The session, titled “Best Practices & Future Trends in Hospital Case Management,” began with an introduction from former CMSA president Jeff Frater, who shared the surprise he felt when his career, some years ago, transitioned him from the insurance side to the hospital side. Frater acknowledged the important—and difficult—work that hospital case managers are undertaking in the current health care environment.
This work, this set of roles and responsibilities of the present-day hospital case manager, was subject to the incisive examination of Daniels, the founder and managing partner of Phoenix Medical Management. Daniels broke down the history of hospital case management into three distinct eras, each with their own definitions and ideas of what a hospital case manager should be and how a department should operate.

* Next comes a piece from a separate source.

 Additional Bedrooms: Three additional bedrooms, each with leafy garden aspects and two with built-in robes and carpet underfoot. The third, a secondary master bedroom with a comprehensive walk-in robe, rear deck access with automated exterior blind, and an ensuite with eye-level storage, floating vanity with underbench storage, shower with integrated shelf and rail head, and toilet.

The first era, which took place in the mid-1980s, she calls the “clinical case management model.” This model stemmed from the work of pioneer Karen Zander and approaches hospital case management with the following description: “The nurse at bedside is best positioned to work with the physician to effectively manage progression of care, reduce excessive costs, and plan for timely discharge.”
The second era, beginning in the late 1980s and spanning through today, are called “functional models.” These models of hospital case management shifted the paradigm of care. According to Daniels, “action moved from the nurse at the bedside to the two primary functions thought to impact LOS and cost: utilization review and social work/discharge planning.” This paradigm shift resulted in a dramatic decrease of social workers employed within hospitals, and it meant that role function was equivalent to task completion.

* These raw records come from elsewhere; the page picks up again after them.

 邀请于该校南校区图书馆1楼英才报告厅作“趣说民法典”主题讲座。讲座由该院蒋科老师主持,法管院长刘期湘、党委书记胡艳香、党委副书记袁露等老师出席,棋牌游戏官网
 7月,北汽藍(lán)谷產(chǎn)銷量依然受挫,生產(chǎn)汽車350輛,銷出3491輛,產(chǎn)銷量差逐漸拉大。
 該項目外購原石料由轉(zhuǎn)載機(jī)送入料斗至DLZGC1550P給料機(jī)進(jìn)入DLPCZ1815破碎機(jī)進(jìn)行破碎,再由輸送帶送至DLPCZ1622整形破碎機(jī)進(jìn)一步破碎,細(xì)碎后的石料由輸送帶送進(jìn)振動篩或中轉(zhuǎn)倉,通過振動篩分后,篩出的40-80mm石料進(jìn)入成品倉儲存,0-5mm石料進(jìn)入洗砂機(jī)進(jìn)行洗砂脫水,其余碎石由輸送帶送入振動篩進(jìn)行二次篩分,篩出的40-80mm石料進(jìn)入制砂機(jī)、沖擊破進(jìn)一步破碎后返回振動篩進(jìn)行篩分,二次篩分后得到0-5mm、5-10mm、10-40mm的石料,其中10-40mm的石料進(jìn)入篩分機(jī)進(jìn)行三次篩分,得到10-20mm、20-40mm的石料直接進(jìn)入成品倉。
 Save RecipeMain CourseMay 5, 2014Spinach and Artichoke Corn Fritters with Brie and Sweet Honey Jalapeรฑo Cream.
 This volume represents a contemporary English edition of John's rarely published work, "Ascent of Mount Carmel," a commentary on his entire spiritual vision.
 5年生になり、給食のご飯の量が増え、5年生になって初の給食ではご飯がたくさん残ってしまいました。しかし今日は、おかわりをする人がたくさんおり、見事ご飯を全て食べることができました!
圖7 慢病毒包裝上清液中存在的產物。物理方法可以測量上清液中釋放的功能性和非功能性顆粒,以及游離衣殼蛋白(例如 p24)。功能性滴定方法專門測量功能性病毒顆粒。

The third era, which has been extant and emerging for the past decade, is the outcomes model, which is summed up by the following descriptor: “Processes are identified—through discovery or design—to optimally manage progression-of-care.” The outcomes model, which Daniels refers to as “Hospital Case Management III,” is aligned more closely with how hospital demands have changed over time, and when working properly it unites in-the-trench case managers with hospital executives.
“If you think of hospital case management as progression-of-care management, you will start to see how the C-suite is thinking,” Daniels says.